Kubernetes Service Discovery

# prometheus.yml - Kubernetes SD (without Operator)
scrape_configs:
  - job_name: "kubernetes-pods"
    kubernetes_sd_configs:
      - role: pod
    relabel_configs:
      # Only scrape pods with annotation prometheus.io/scrape=true
      - source_labels: [__meta_kubernetes_pod_annotation_prometheus_io_scrape]
        action: keep
        regex: true
      # Use custom port from annotation
      - source_labels: [__meta_kubernetes_pod_annotation_prometheus_io_port]
        action: replace
        target_label: __address__
        regex: (.+)
      # Use custom path from annotation
      - source_labels: [__meta_kubernetes_pod_annotation_prometheus_io_path]
        action: replace
        target_label: __metrics_path__
        regex: (.+)

Best Practices

Here are key best practices for running Prometheus that help you avoid common pitfalls.

  • Follow metric naming conventions: use snake_case with unit suffixes (_seconds, _bytes, _total)
  • Limit label cardinality: avoid high-cardinality labels like user IDs or request IDs
  • Use recording rules to precompute frequent queries instead of real-time calculation each time
  • Set reasonable for durations on alerts to avoid noise from flapping
  • Monitor Prometheus itself: up, prometheus_tsdb_head_series, prometheus_tsdb_compaction_duration_seconds
  • Use relabel_configs to filter and transform labels at scrape time to reduce storage overhead
  • Set appropriate retention: default is 15 days, adjust based on storage capacity and query needs
  • For queries across multiple Prometheus instances, use federation or Thanos/Cortex

Metric Naming Examples

# Good metric names
http_requests_total              # counter with _total suffix
http_request_duration_seconds    # histogram with unit suffix
node_memory_available_bytes      # gauge with unit suffix
process_open_fds                 # gauge, no unit needed

# Bad metric names - avoid these
httpRequests                     # no camelCase
request_duration                 # missing unit suffix
http_request_duration_ms         # use base units (seconds not ms)
requests{user_id="12345"}        # high-cardinality label

Prometheus vs Alternatives

FeaturePrometheusDatadogInfluxDBVictoria Metrics
TypeOpen-source, self-hostedCommercial SaaSOpen-source / commercialOpen-source, self-hosted
Data ModelPull-based, multi-dimensional labelsPush-based, tags + hostPush-based, measurement + tagPrometheus-compatible
Query LanguagePromQLProprietaryInfluxQL / FluxMetricsQL (PromQL superset)
Long-term StorageRequires Thanos/CortexBuilt-inBuilt-inBuilt-in, high compression
CostFree (operational cost)Per host/metric pricingFree OSS / paid enterpriseFree (operational cost)
K8s IntegrationNative, de facto standardVia agentVia TelegrafPrometheus ecosystem compatible

Conclusion

Prometheus is the cornerstone of modern infrastructure monitoring.

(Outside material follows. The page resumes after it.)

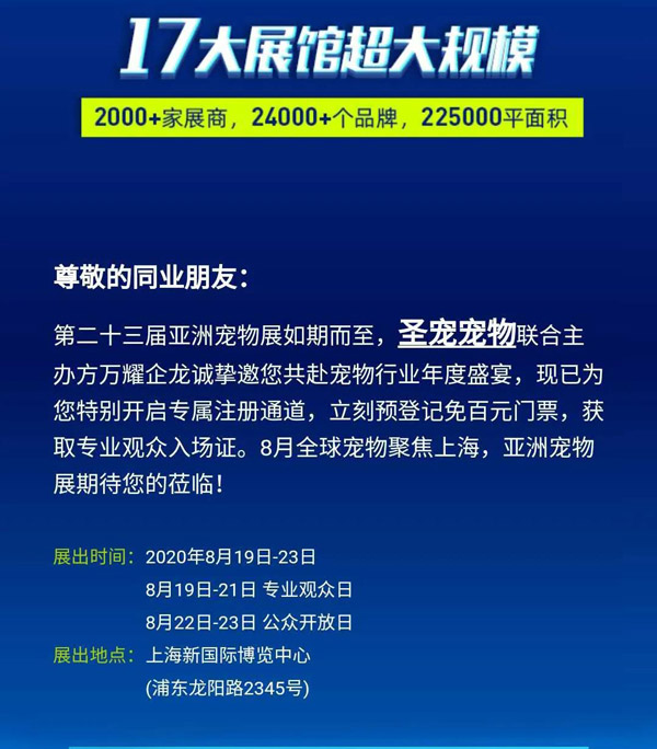 圣宠宠物邀您看亚展,免费预约登记参观 圣宠宠物邀您看亚展,免费预约登记参观[详情]

Its pull model, multi-dimensional data model, and powerful PromQL make it the monitoring tool of choice for cloud-native environments. From single-node Docker deployments to large-scale Kubernetes clusters, Prometheus provides reliable metric collection and alerting capabilities. Pair it with Grafana for visualization dashboards, Alertmanager for intelligent alert routing, and Thanos or Cortex for long-term storage to build a complete, production-ready monitoring platform. Whether you are just starting with monitoring or need to scale an existing solution, Prometheus is a powerful tool worth investing in.